American media executive (born 1971)

Sarah Kate Ellis (born November 27, 1971) is an American media executive and activist.

After Ellis's graduation from Russell Sage College in 1993 with a degree in Sociology and minor in Women's Studies, she began her career in media through the re-launch of Condé Nast's House & Garden.

In January 2014, Ellis was appointed president and CEO of GLAAD, the largest U.S. lesbian, gay, bisexual, and transgender (LGBT) media advocacy organization.

== Early years ==
Ellis was born and raised on Todt Hill, Staten Island, New York City, where she attended Staten Island Academy. She and her older brother Spencer were raised by their parents, Barbara and Ken Ellis. During her youth, Ellis was an athlete; she participated in field hockey and was a Junior Olympic swimmer. While attending Russell Sage College, Ellis led a media campaign against the college administration's attempt to shut down the only women's center on campus and, in her senior year of college, Ellis came out of the closet as a lesbian. In 2011, Ellis attended the Tuck Executive Education program at Tuck School of Business Dartmouth College and completed it in 2012.

==Media work==
In 1995, Ellis began her profession in media. She first worked at mass media company Condé Nast, which laid the groundwork for her career advancement. Initially, Ellis worked at Condé Nast's House and Garden. From there, she moved to New York magazine as a senior manager, then to In Style as a director. Following her tenure at In Style, Ellis launched and directed the turnaround of Real Simple, which led her to Vogue where she oversaw ten lifestyle group brands. Ellis specialized in marketing and took on leadership roles. Extending the reach of her efforts, Ellis involved herself as co-chair of OUT at Time Inc., the company's LGBT employee resource group, where she led programming to spotlight the diversity of the LGBT community (2008–2013).

==LGBTQ rights activism==
Ellis began her activism in 1992, when she marched on Washington to support women's access to abortion and then marched again in 1993 to support the rights of LGBT people.

On January 1, 2014, Ellis began as president and CEO of GLAAD, which works to move lesbian, gay, bisexual and transgender (LGBT) equality forward through improving media representation.

One of the first campaigns Ellis pursued at GLAAD was the organization's 2014 protest against the New York City St. Patrick's Day Parade, specifically the parade's ban of lesbian and gay participants. In an article in the New York Daily News, Ellis wrote about her Irish-American heritage and sexual orientation, calling on parade organizers to end the ban.
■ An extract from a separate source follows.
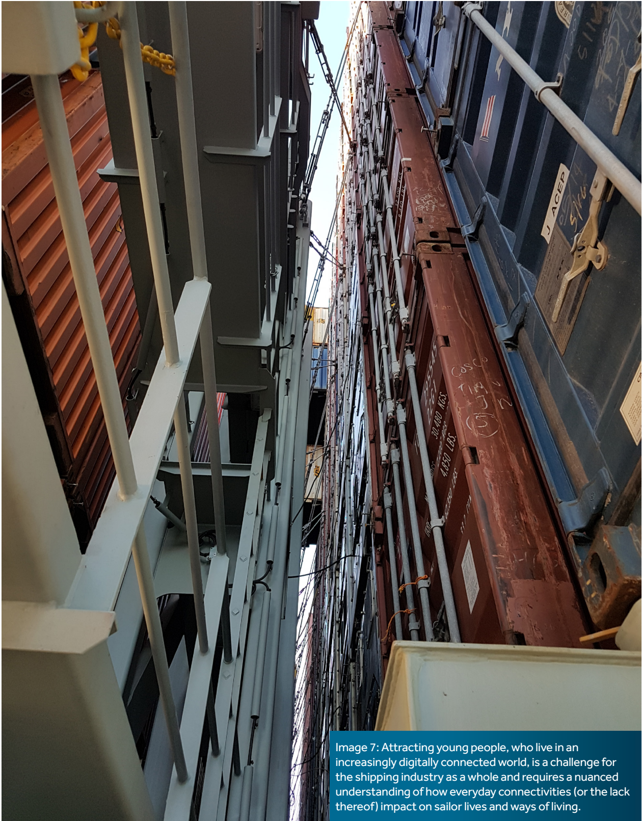
Image 7: Attracting young people, who live in an increasingly digitally connected world, is a challenge for the shipping industry as a whole and requires a nuanced understanding of how everyday connectivities (or the lack thereof) impact on sailor lives and ways of living.

In 2015, Ellis was named to OUT Magazine’s annual OUT100 list of the most impactful and influential LGBTQ+ people.

In 2023, TIME Magazine included Ellis on its annual Time 100 list of the most influential people, and in 2024 was also named to Forbes Magazine's 50 Over 50 women's list.

In January 2024, on behalf of GLAAD, Ellis accepted the Governors Award at the Academy of Television Arts & Sciences’ 75th Primetime Emmy Awards in recognition of GLAAD's work “over nearly four decades to secure fair, accurate and diverse representation of the LGBTQ community in the media and entertainment industries and to advocate for LGBTQ equality.”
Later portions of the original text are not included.